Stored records
+ + + +

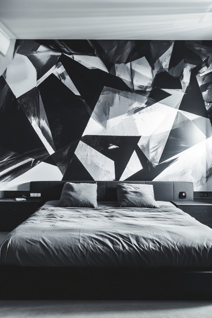 Picture a large-scale mural in shades of gray or black and white stretching across your wall. The abstract shapes or subtle patterns evoke a sense of artistry and sophistication. The monochrome palette ensures the mural complements your existing decor without clashing. When paired with sleek furniture and neutral bedding, it anchors the room with a powerful visual presence. The mural’s scale and tonal variations draw the eye and add depth.
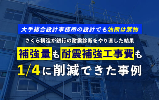 大手総合設計事務所の設計でも油断は禁物。さくら構造が銀行の耐震診断をやり直した結果、補強量も耐震補強工事費も1/4に削減できた事例
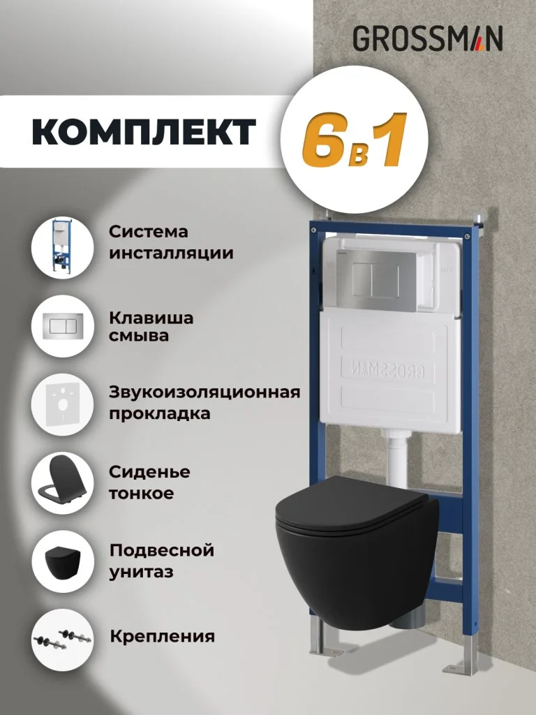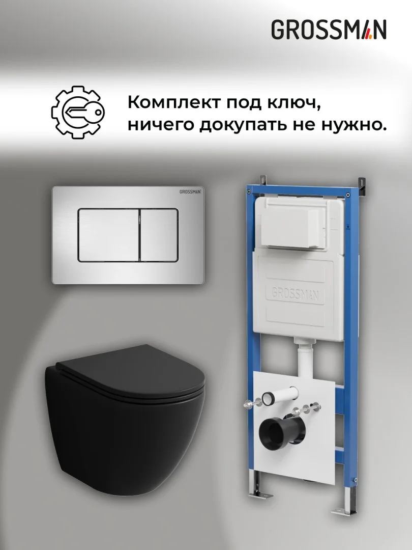 Комплект инсталляции GROSSMAN 900.K31.01.000 с клавишей смыва 700.K31.04.12M.12M хром сатиновый и унитазом GROSSMAN GR-4455BMS арт.97.4455BMS.04.12M
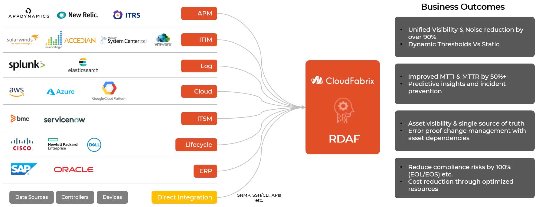 By leveraging CloudFabrix, AIOps Admins can optimize and tune downstream monitoring tools based on actionable insights and recommendations to gain real-time visibility & insights into health and outcomes of key IT assets.
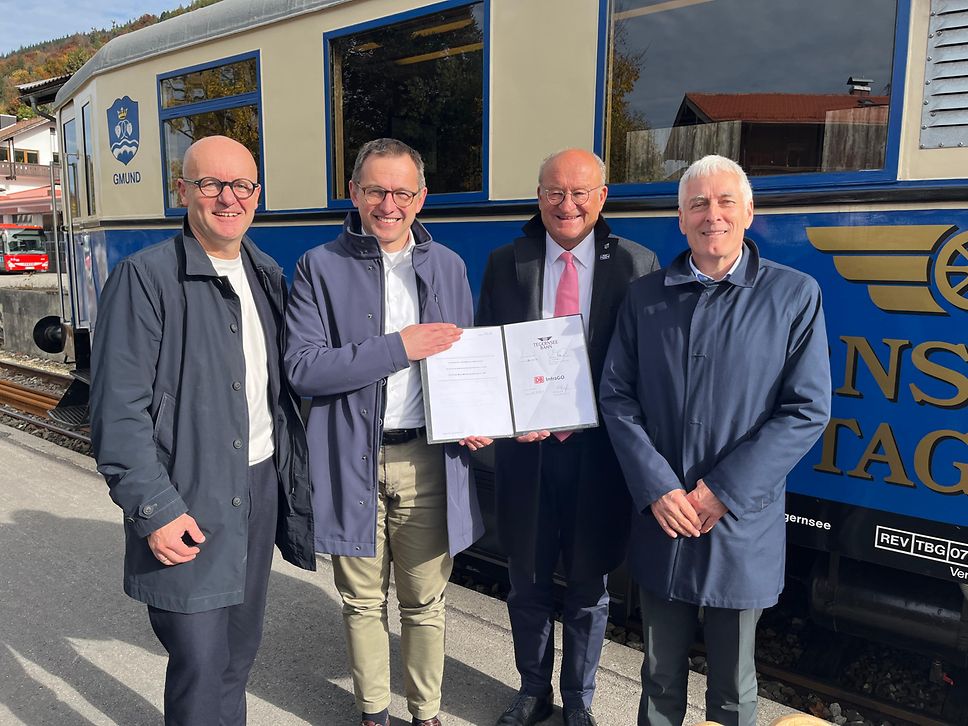 Dr. Michael Bourjau, Geschäftsführer Tegernsee-Bahn Betriebsgesellschaft mbH: „Um die Infrastruktur in Schuss zu halten und an die aktuellen Erfordernisse eines modernen Schienenverkehrs anzupassen, waren für uns und unsere Gesellschafter in den vergangenen Jahren enorme finanzielle Anstrengungen erforderlich. Für die geplante grundlegende Modernisierung und Elektrifizierung der Strecke fehlen uns jedoch die Ressourcen, sowohl personell als auch finanziell. Daraus erwuchs die Idee einer Partnerschaft mit dem bundeseigenen DB-Konzern. Ich freue mich, dass die intensiven Gespräche erfolgreich waren und die Zukunft der Tegernsee-Bahn innerhalb der DB InfraGO AG gesichert ist.“
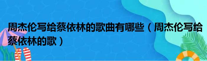 大家好,今天小六子来为大家解答以下的问题,关于周杰伦写给蔡依林的歌曲有哪些,周杰伦写给蔡依林的歌这个很多人还不知道,现在让我们一起来看看吧!
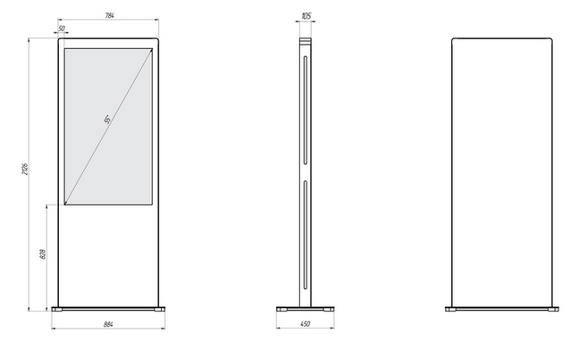 Оригинальный интерактивный сенсорный киоск BM BlackGlass+ 55" выполнен в классическом вертикальном форм-факторе: стальной антивандальный корпус, стильный минималистичный дизайн, яркий дисплей, быстрая ИК-рамка которого поддерживает до 20 одновременных касаний. К BlackGlass+ можно подключить необходимое дополнительное оборудование – от видеокамеры до считывателя QR-кодов.
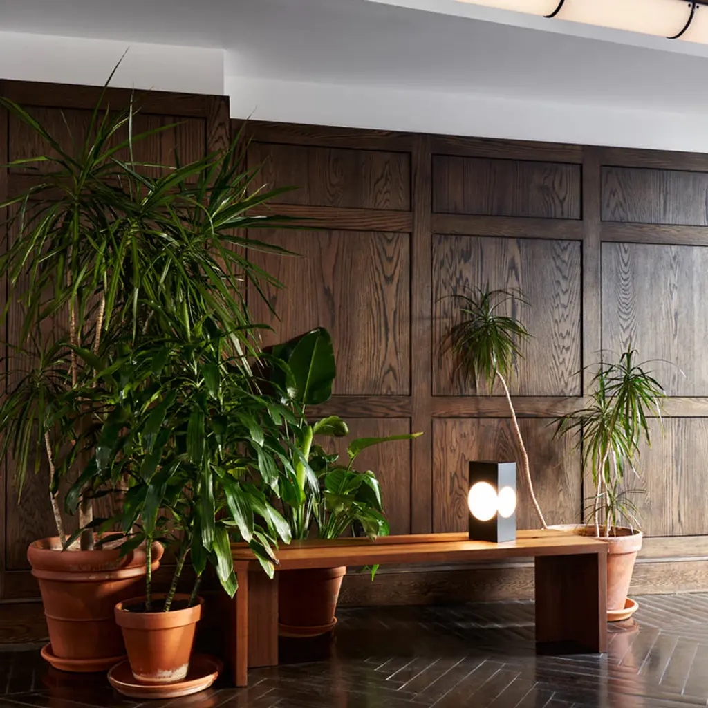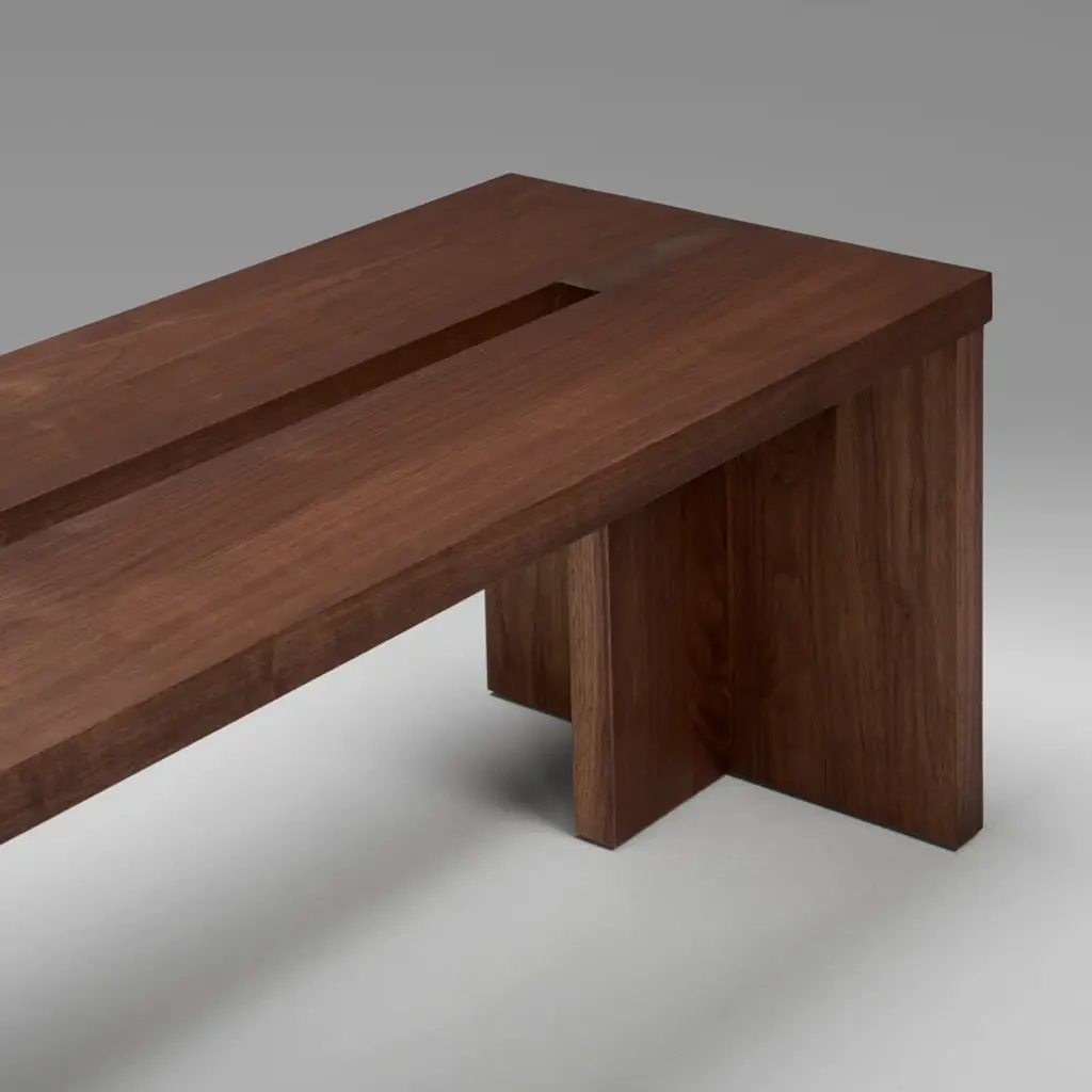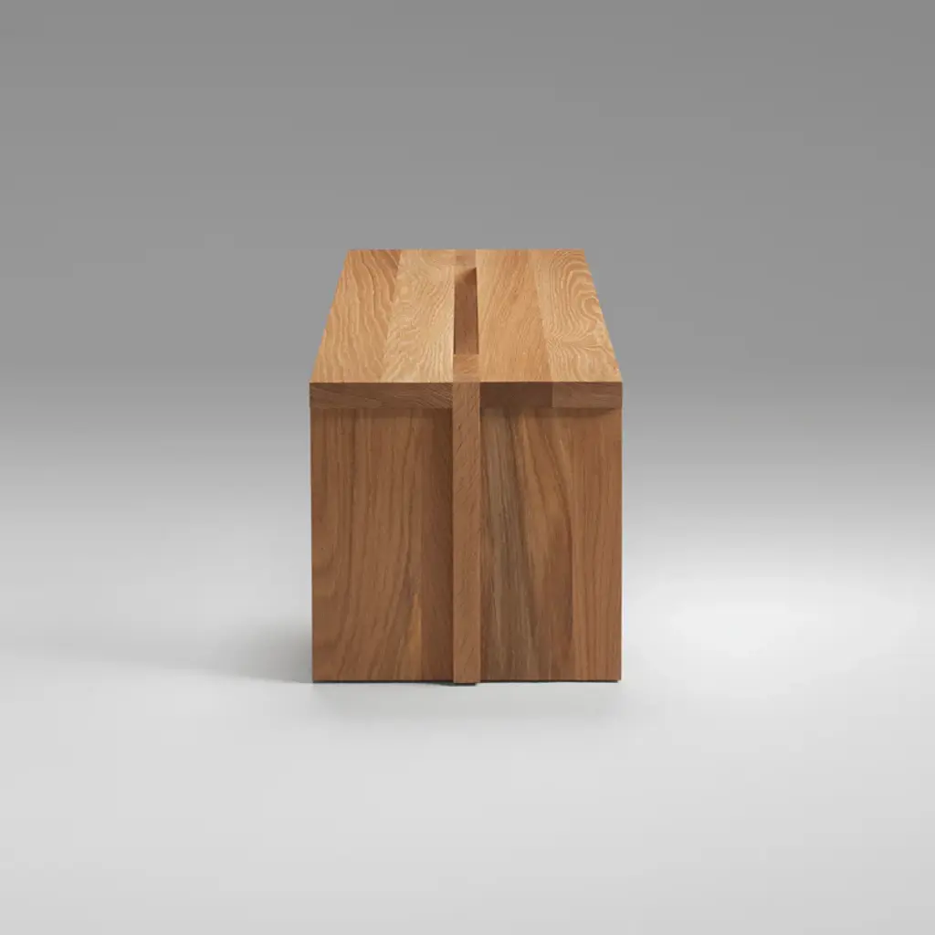 Indulge in the refined luxury of the Grange Bench from Roll & Hill. Originally crafted for the Inness resort, this piece is a tribute to the surrounding landscape of Hudson Valley, with its simple yet sturdy design. The orthogonal planes and oversized elements make it a statement piece that exudes elegance and a touch of the rustic. Highlights

+ + + +

- **TASK DETAILS**
Repeat the records word for word. Leave out whatever pictures they hold.

- **ANSWER TO THE EXERCISE**
 Picture a large-scale mural in shades of gray or black and white stretching across your wall. The abstract shapes or subtle patterns evoke a sense of artistry and sophistication. The monochrome palette ensures the mural complements your existing decor without clashing. When paired with sleek furniture and neutral bedding, it anchors the room with a powerful visual presence. The mural’s scale and tonal variations draw the eye and add depth.
 大手総合設計事務所の設計でも油断は禁物。さくら構造が銀行の耐震診断をやり直した結果、補強量も耐震補強工事費も1/4に削減できた事例
 Комплект инсталляции GROSSMAN 900.K31.01.000 с клавишей смыва 700.K31.04.12M.12M хром сатиновый и унитазом GROSSMAN GR-4455BMS арт.97.4455BMS.04.12M
 By leveraging CloudFabrix, AIOps Admins can optimize and tune downstream monitoring tools based on actionable insights and recommendations to gain real-time visibility & insights into health and outcomes of key IT assets.
 Dr. Michael Bourjau, Geschäftsführer Tegernsee-Bahn Betriebsgesellschaft mbH: „Um die Infrastruktur in Schuss zu halten und an die aktuellen Erfordernisse eines modernen Schienenverkehrs anzupassen, waren für uns und unsere Gesellschafter in den vergangenen Jahren enorme finanzielle Anstrengungen erforderlich. Für die geplante grundlegende Modernisierung und Elektrifizierung der Strecke fehlen uns jedoch die Ressourcen, sowohl personell als auch finanziell. Daraus erwuchs die Idee einer Partnerschaft mit dem bundeseigenen DB-Konzern. Ich freue mich, dass die intensiven Gespräche erfolgreich waren und die Zukunft der Tegernsee-Bahn innerhalb der DB InfraGO AG gesichert ist.“
 大家好,今天小六子来为大家解答以下的问题,关于周杰伦写给蔡依林的歌曲有哪些,周杰伦写给蔡依林的歌这个很多人还不知道,现在让我们一起来看看吧!
 Оригинальный интерактивный сенсорный киоск BM BlackGlass+ 55" выполнен в классическом вертикальном форм-факторе: стальной антивандальный корпус, стильный минималистичный дизайн, яркий дисплей, быстрая ИК-рамка которого поддерживает до 20 одновременных касаний. К BlackGlass+ можно подключить необходимое дополнительное оборудование – от видеокамеры до считывателя QR-кодов.
 Indulge in the refined luxury of the Grange Bench from Roll & Hill. Originally crafted for the Inness resort, this piece is a tribute to the surrounding landscape of Hudson Valley, with its simple yet sturdy design. The orthogonal planes and oversized elements make it a statement piece that exudes elegance and a touch of the rustic. Highlights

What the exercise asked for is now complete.